BMS Presents Promising Data for EGFRxHER3 Antibody-Drug Conjugate at ESMO 2025

Bristol Myers Squibb (BMS) has unveiled encouraging results from an early-stage trial of its EGFRxHER3 antibody-drug conjugate (ADC), izalontamab brengitecan (iza-bren), at the 2025 European Society for Medical Oncology (ESMO) Congress in Berlin. The data suggest that BMS may be positioned to maintain a competitive edge in the evolving ADC landscape.

Global Trial Results Show Consistent Efficacy

The phase 1 study, which included 113 patients across various cancer types, demonstrated a confirmed overall response rate (cORR) of 55% in a cohort of 20 patients receiving a 2.5-mg/kg dose on Days 1 and 8 of a three-week cycle. This marks the first readout from a global trial of iza-bren, following previously released China-only data.

Notably, the trial showed promising results across different cancer types:

• Non-small cell lung cancer (NSCLC): 42.9% cORR (14 patients)
  • EGFR-mutant: 36.4% cORR (11 patients)
  • EGFR-wildtype: 66.7% cORR (3 patients)
• Breast cancer: 100% cORR (3 patients)

Dr. Anne Kerber, head of development, hematology, oncology and cell therapy at BMS, emphasized the importance of consistency between global and Chinese data sets, stating, "That's what we do see—and that's what is very encouraging for us."

Safety Profile and Future Developments

The most frequent treatment-related adverse events were hematologic, with neutropenia, anemia, and thrombocytopenia of grade 3 or above occurring in 55%, 28%, and 12% of patients, respectively. Dr. Kerber noted that these rates might be influenced by the heavily pretreated patient population and the absence of prophylactic measures in the trial.

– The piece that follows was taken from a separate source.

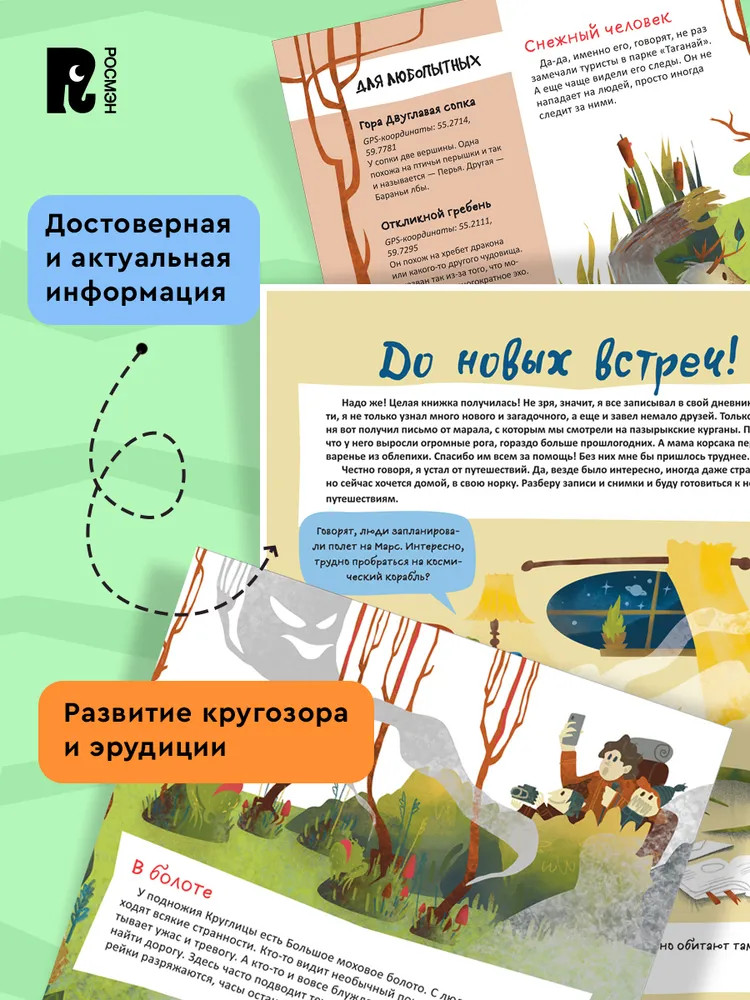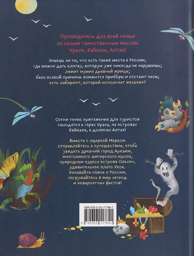 💳 Оплатить за товар можно при получении 🇰🇿 Есть бесплатная доставка по Казахстану от 1 дня 🎁 Копите бонусы с каждой покупки Виртуальное путешествие по загадочным местам России вместе с любознательной ящеркой Марком способно надолго и всерьез увлечь читателя, пробудить в нем интерес к истории и культуре российских регионов, желание посетить самые далекие уголки страны. Легенды, призраки, старинные клады, древние обряды – все это словно оживает на страницах, но книга остается при этом научно-познавательной и дает читателю много интереснейшей уникальной информации. Стильные иллюстрации П. Надъярной добавляют изданию таинственного очарования. |

BMS is currently evaluating iza-bren in a global phase 2/3 study as a first-line treatment for triple-negative breast cancer and bladder cancer, with plans to assess its potential in lung cancer as well. The company expects to move forward with the 2.5-mg/kg dose regimen, although a final decision is pending.

Strategic Importance and Competitive Landscape

Iza-bren, acquired through an $800 million upfront payment to SystImmune as part of a deal worth up to $8.4 billion, is considered by some analysts to be an underappreciated asset in BMS's oncology pipeline. The ADC's design, which targets both EGFR and HER3 receptors involved in epithelial tumor survival and proliferation, positions it as a potentially versatile treatment option.

While other companies, including Duality Biotherapeutics, Avenzo Therapeutics, and CStone Pharmaceuticals, are developing similar EGFRxHER3 ADCs, BMS appears confident in its lead. Dr. Kerber stated, "Right now, given the breadth of the data that we have at this point in time not only in China, but also in the global population, I think we're pretty confident that we will be able to stay ahead of the competition."

As the pharmaceutical industry continues to invest in ADC technology, the progress of iza-bren represents a significant development in the field, potentially offering new treatment options for patients with various types of cancer.